The last weekend of 2007 gave me a chance to catch up on current Spanish music trends with a couple of concerts in Madrid. First up was Muchachito Bombo Infierno who played in the Sala Riviera. One feature of the Madrid live music scene is that hardly any of the larger venues were designed for concerts; the Riviera is a huge discotheque complete with fake palm trees emerging from a bar in the centre. The place was packed, and the music was frenetic, a fusion of the rumba catalana with all sorts of other influences from r&b to ska passing via Manu Chao; all powered by a five piece brass section. Essentially it’s good time music, although none of it is memorable enough to make me feel like buying the record. The gimmick of the live show is to have an on stage artist who paints on a giant canvas as the concert progresses. It works quite well because Muchachito has a fairly tiresome habit of claiming that he is about to leave every 20 minutes or so. These lulls in the concert can be filled with speculation about how the painting is going to develop.
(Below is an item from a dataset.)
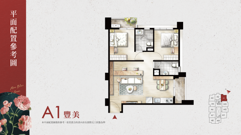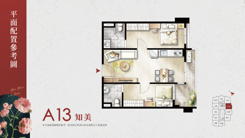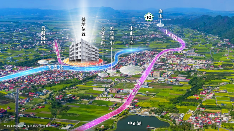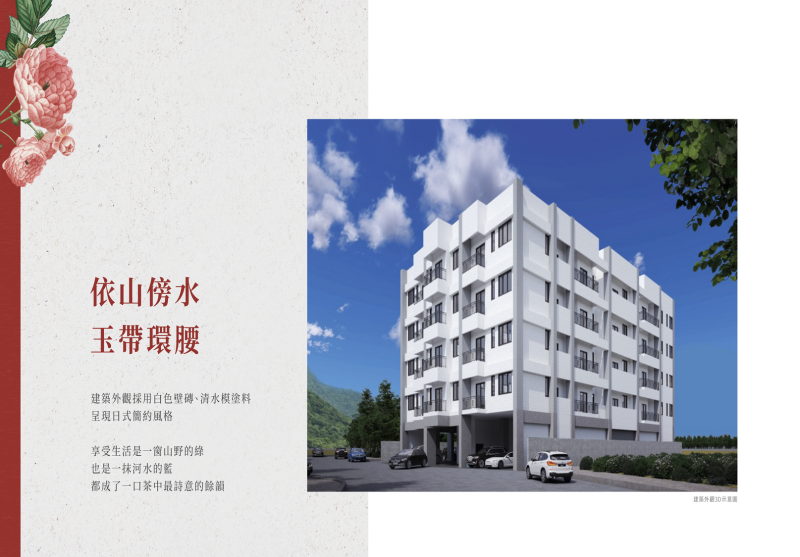 美濃溪河岸景觀首排! 規劃住家44戶,格局坪數規劃二房(約21~25坪) 、 二+1房(約27坪)。

With Madrid’s “special” interpretation of the Ley de Tabaco combining with my Christmas virus, I remember the night more for leaving me without a voice than for anything else.
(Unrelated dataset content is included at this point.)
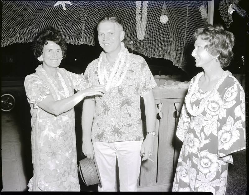 Mrs. Charles Hopkins, left, presents Ivan Skinner with a lei at her Hawaiian luau in honor of six members of the Experiment in International Living. Mr. Skinner is chairman of the group of local citizens working with the Experiment program. Mrs. Ivan Skinner, right, watches. They are all dressed in floral print clothes with leis around their necks. Behind them, some netting with hanging leis and starfish is used as decoration. The fence around the yard and a parked automobile (car) are in the background.

The following night we went to see Fito & Fitipaldis, a band who have been around for a long time but whose popularity has really peaked this year after months of intensive touring. The venue this time was the Palacio de Deportes, a huge soulless venue where if you are stuck in the heights you are better off watching the concert on the video screens than trying to pick out any detail on the far away stage. It’s the price of popularity because this is a band that would be far better in a venue the size of Riviera or smaller. The music is more nostalgic, mainstream rock. Occasionally it reminded me of Dire Straits, at other times of Chuck Berry; together with some of those anthemic ballads so beloved of the Spanish who immediately whip out their lighters (or mobile phones!) to wave in the air as they sing along. You certainly get your money’s worth with Fito, their performance lasted at least 2 hours. Another very Spanish phenomenon in the concert was that of sitting behind what seemed to be a teenage daughter accompanied by both her parents – it was hard to tell who was behind the decision to come to the concert as the parents appeared to be enjoying it more than their offspring.